Support testing inside running Eclipse
Some parts of plugins/RCP apps can be tested using unit test but other tests will need to run in an initialized Eclipse instance. So far the support for testing with these tests is missing in Wuff and IMO this is a blocker for the adoption.
Some of the ideas how to implement this:
- Allow to add new sourceSet to plugin projects like eclipseTest (in addition to main & test). This would be built into another fragment or plugin. Add a target that will install the original plugin and testing plugin/fragment into a clean Eclipse RCP app/Eclipse IDE. Then launch PDE test listener and this app and let it run PDE test. It should be possible to do it like for the Ant/PDE integration described in http://www.eclipse.org/articles/article.php?file=Article-PDEJUnitAntAutomation/index.html
- Expect project structure like :myPlugin, :myPluginTest. First project builds plugin, second builds its test plugin/fragment. 2nd project also adds a target to run this test similarly as in (1.)

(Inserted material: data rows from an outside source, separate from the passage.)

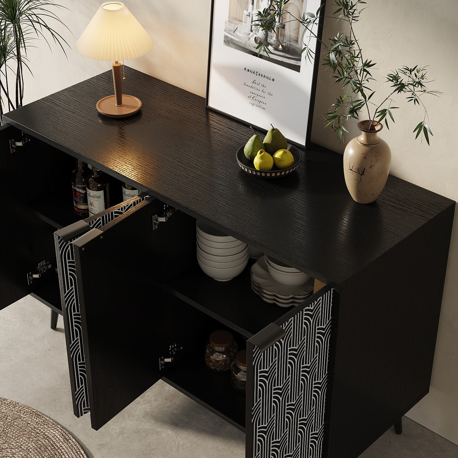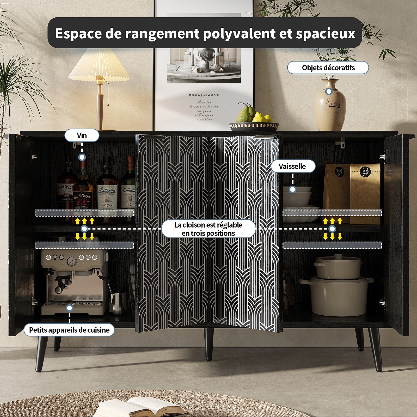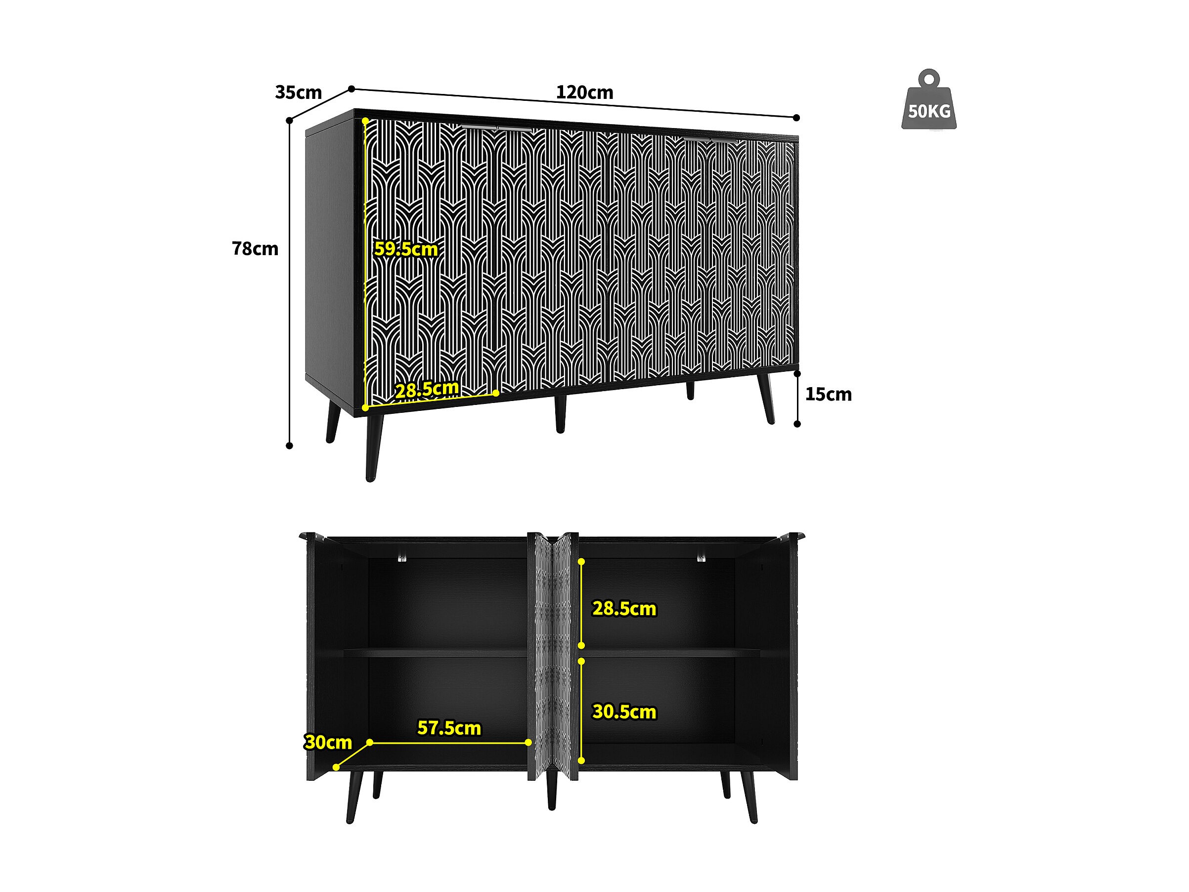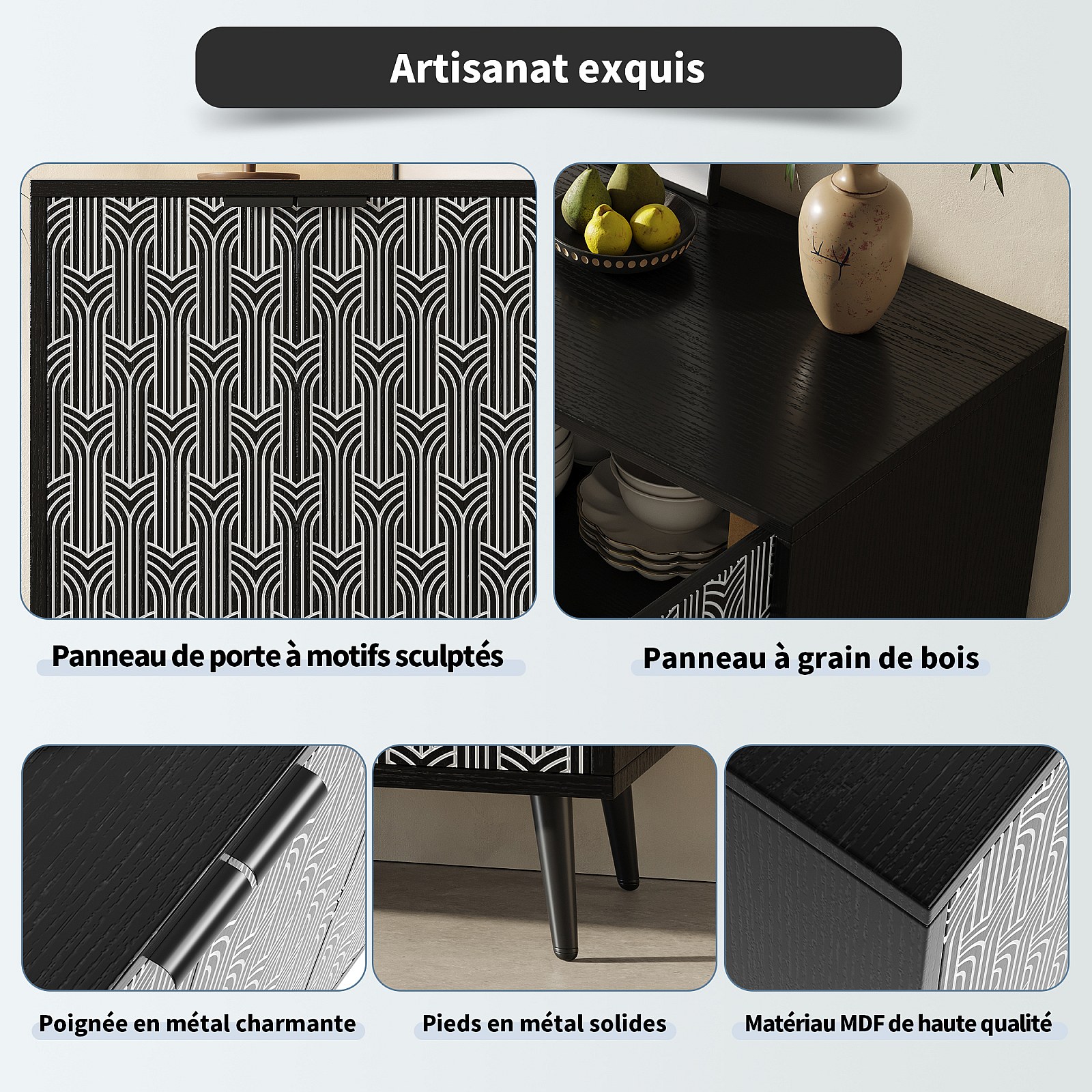 Zwarte dressoir 120x35x78 cm, uniek deurontwerp, gesneden visgraatmotief, anti-kantel, vrijstaand, ideaal voor eetkamer en woonkamer
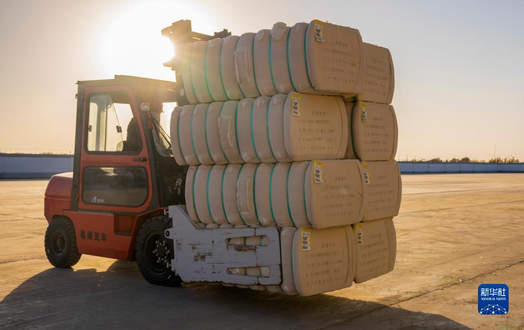 新疆沙灣市一家軋花廠(chǎng)的工人操作機械搬運新加工的皮棉(10月22日攝)。
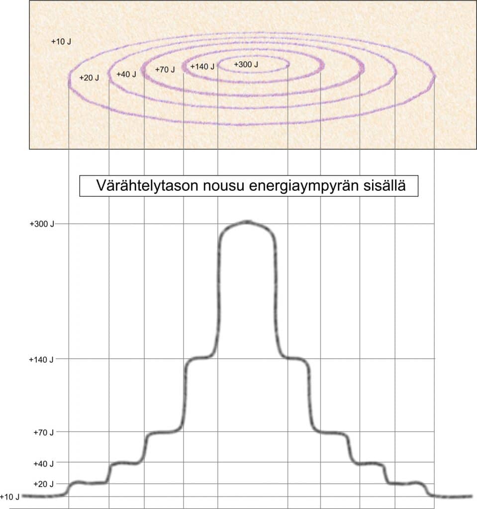 Muutaman sadan metrin välein on voimakkuuksiltaan erilaisia ja muodoltaan pyöreitä energiapaikkoja. Näiden paikkojen halkaisja vaihtelee noin metristä kymmeniin metreihin. Värähtelytaso näissä ympyröissä kasvaa portaittain keskipistettä kohti. Ympyrän keskellä on korkein värähtelytaso. Sisäkkäisiä ympyrätasoja voi olla muutamasta jopa kahteen kymmeneen.
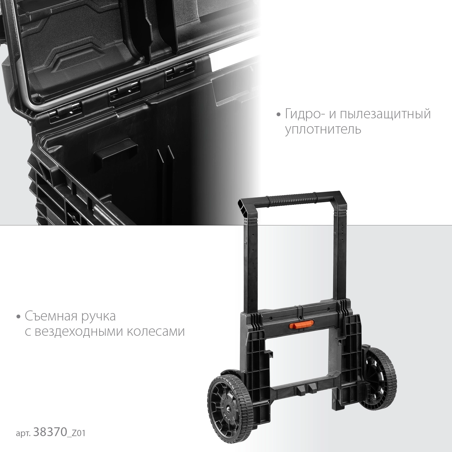 - Данная модель оснащена специальными боковыми металлическими ручками для установки дополнительных блоков один на другой. Это позволяет создать единую надежную конструкцию и перевозить большие объемы инструмента.
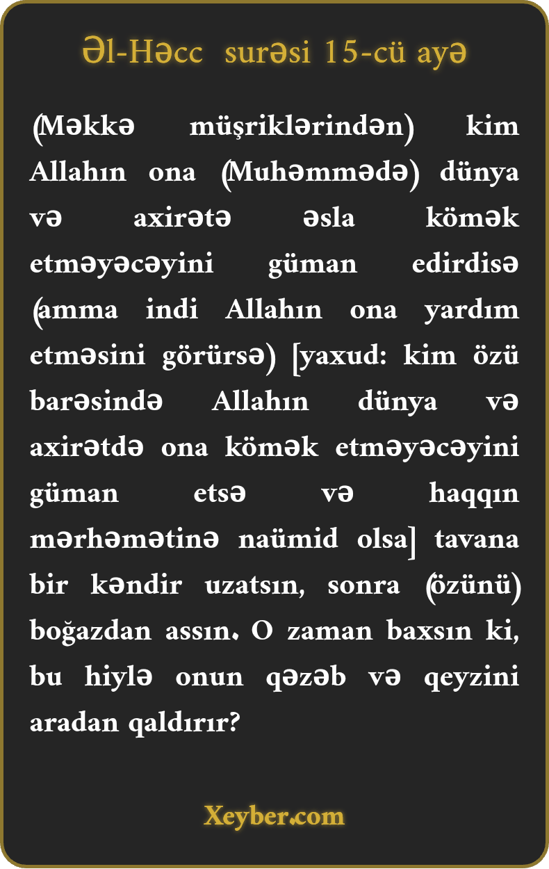 (Məkkə müşriklərindən) kim Allahın ona (Muhəmmədə) dünya və axirətə əsla kömək etməyəcəyini güman edirdisə (amma indi Allahın ona yardım etməsini görürsə) [yaxud: kim özü barəsində Allahın dünya və axirətdə ona kömək etməyəcəyini güman etsə və haqqın mərhəmətinə naümid olsa] tavana bir kəndir uzatsın, sonra (özünü) boğazdan assın. O zaman baxsın ki, bu hiylə onun qəzəb və qeyzini aradan qaldırır?
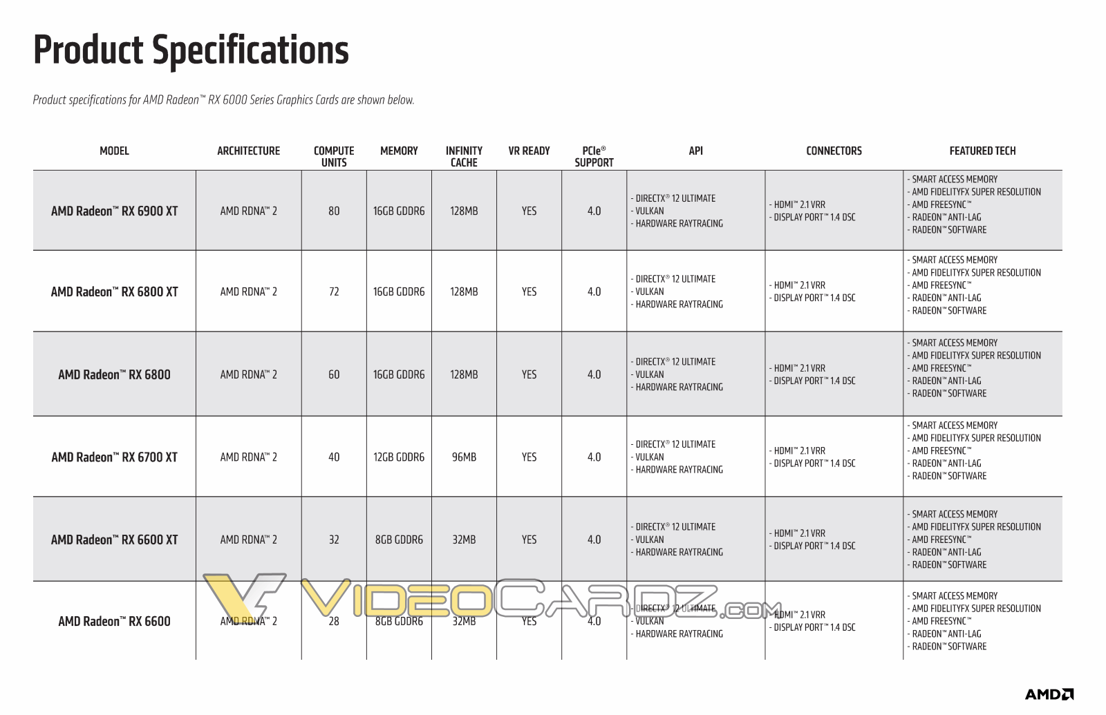 Wie erwartet sind die üblichen Features moderner AMD-Grafikkarten mit dabei, inklusive Smart Access Memory (SAM), Support für AMD FidelityFX Super Resolution (FSR), AMD FreeSync und Radeon Anti-Lag. AMD wird keine Referenz-Grafikkarte anbieten, stattdessen soll die Radeon RX 6600 ausschließlich über Board-Partner erhältlich sein – ein Modell von Gigabyte mit drei Lüftern war kürzlich bereits auf Bildern zu sehen. Details zum Preis sind noch nicht bekannt.
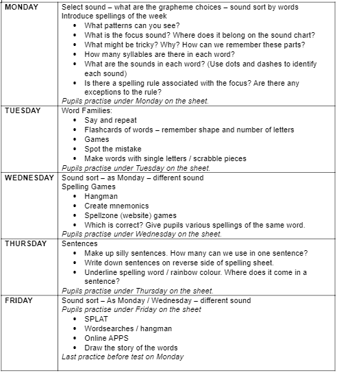 This week our spelling focus is on homophones. Homophones are words which sound the same but the different meanings have different spellings. Please select either the Bronze, Silver or Gold words to learn this week and remember to practise daily using the timetable below.
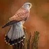 红隼:是隼科、隼属的小型猛禽之一。体重173-335克,体长305-360毫米。翅狭长而尖,尾亦较长,外形和共同爪隼非常相似。雄鸟头蓝灰色,背和翅上覆羽砖红色,具三角形黑斑;腰、尾上覆羽和尾羽蓝灰色,…全部>>
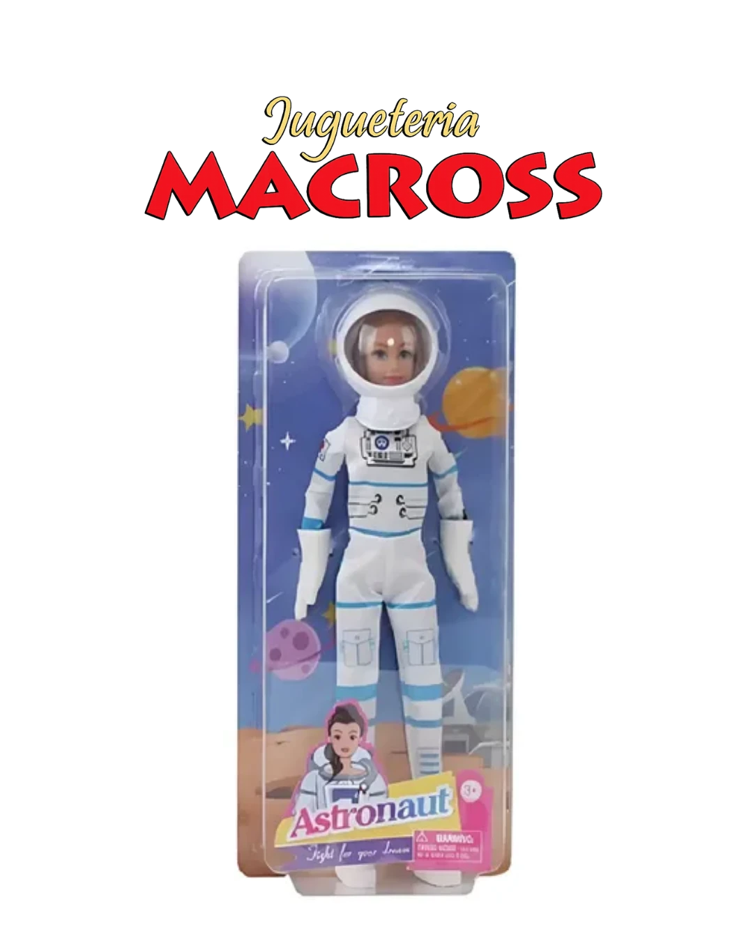 Incluye traje espacial, mide aproximadamente 28 cm a 33 cm, y está recomendada para niños mayores de 3 años.
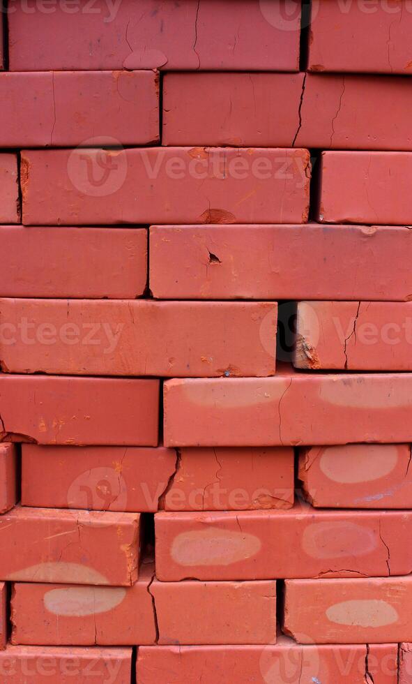 Pattern of Construction Bricks in a Stack with Cracks Detailed Stock Photo. Construction Material Vertical Background Pro Photo
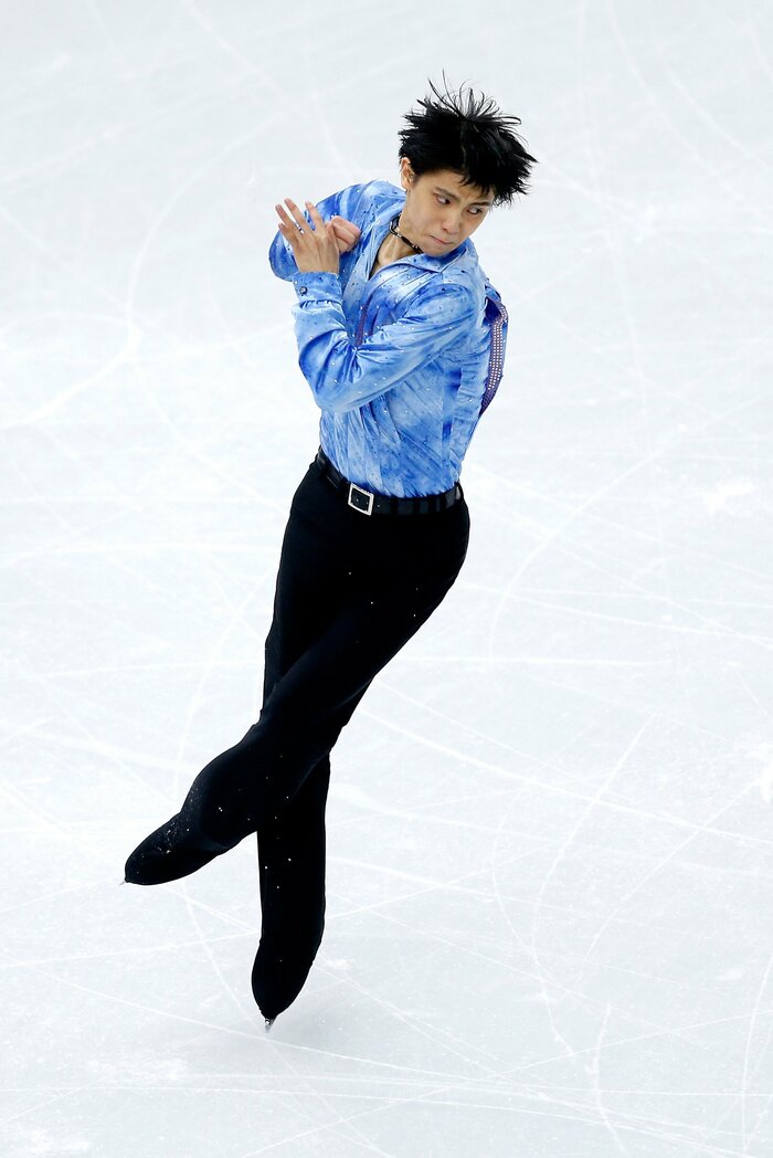 当時羽生さんが19歳で初出場した、2014年ソチ五輪の男子ショートでは、さわやかな白とブルーのマーブル模様があしらわれたシャツに黒のパンツを合わせたスタイルで登場。
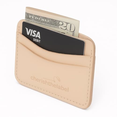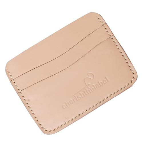 Minimalist Leather Card Holder, Slim Front Pocket Wallet, Hand-Stitched Full Grain Vegetable Tanned Leather For Men & Women (BEIGE HAND STICH, BEIGE) 5
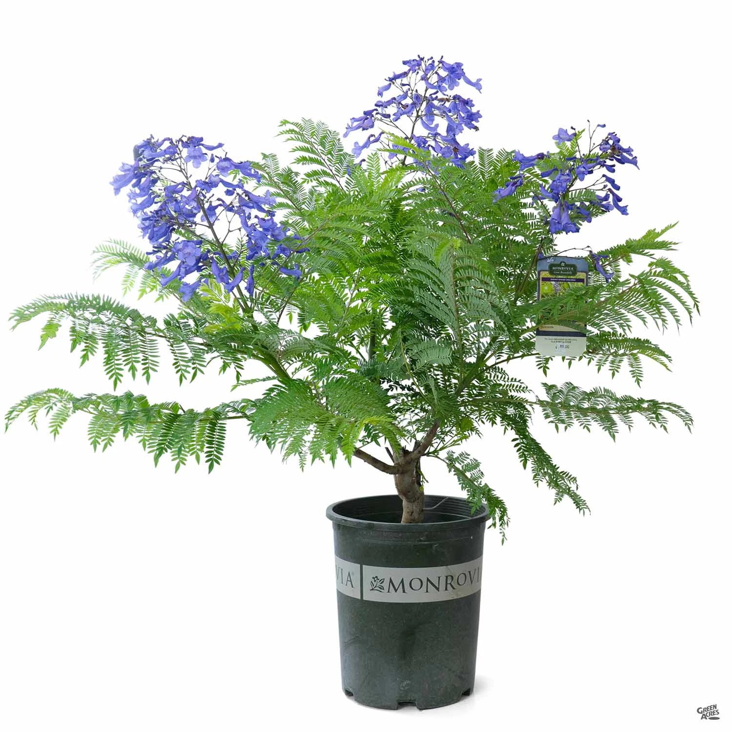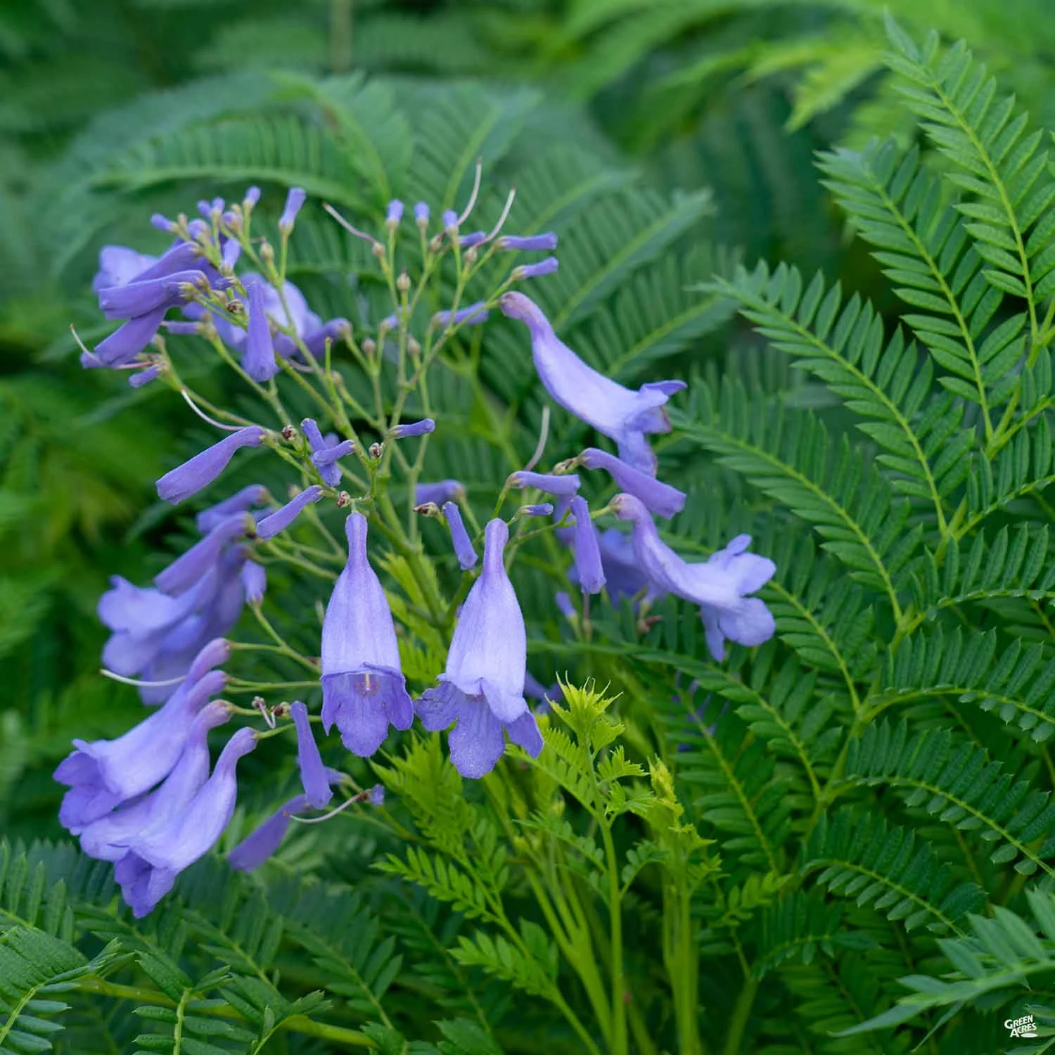 Dwarf form with an upright, rounded habit. Deciduous tree has bright green, fern-like, delicate foliage that is decorated with large, purple, tubular flowers in late spring. Adds a tropical effect to sunny areas. An ideal small accent tree or container plant.
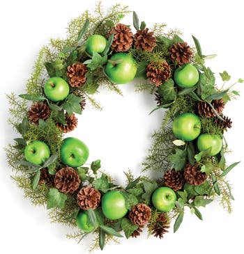 - With a refreshing pop of apple green, this spring wreath features faux green apples, olive leaves, ivy olive foliage and rosemary sprigs, and comes with a twine loop for hanging. A seamless transition from late winter to early spring.
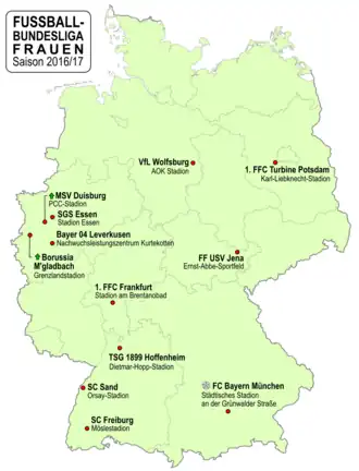 Die Saison 2016/17 war die 27. Spielzeit der Bundesliga, offiziell Allianz Frauen-Bundesliga, im Frauenfußball. Die Saison begann am 3. September 2016 und endete mit dem letzten Spieltag am 21. Mai 2017.[1] Meister und Vizemeister qualifizieren sich für die UEFA Women’s Champions League, während die zwei letztplatzierten Mannschaften in die 2. Bundesliga absteigen müssen. Titelverteidiger war der FC Bayern München. Aufsteiger aus der 2. Bundesliga 2015/16 waren der MSV Duisburg, welcher den direkten Wiederaufstieg geschafft hat, und Borussia Mönchengladbach.

While the (1.) is more Gradle-like the (2.) can be simpler to implement and probably easier to map to Eclipse setups if anyone wants to run these tests directly from Eclipse.
Note that these are my ideas based on my experience with Eclipse 5 years ago. Feel free to use another approach if it is a better way. Meanwhile I will likely try to implement support using on of these approaches.
FYI: here is my work in progress - https://github.com/radimk/PDETestExampleProjectsWithGradle Currently I can run tests in Eclipse and receive results in Gradle. Next step is to process those results like regular JUnit/TestNG test. Probably I will try to modify it to run this code from a Test task.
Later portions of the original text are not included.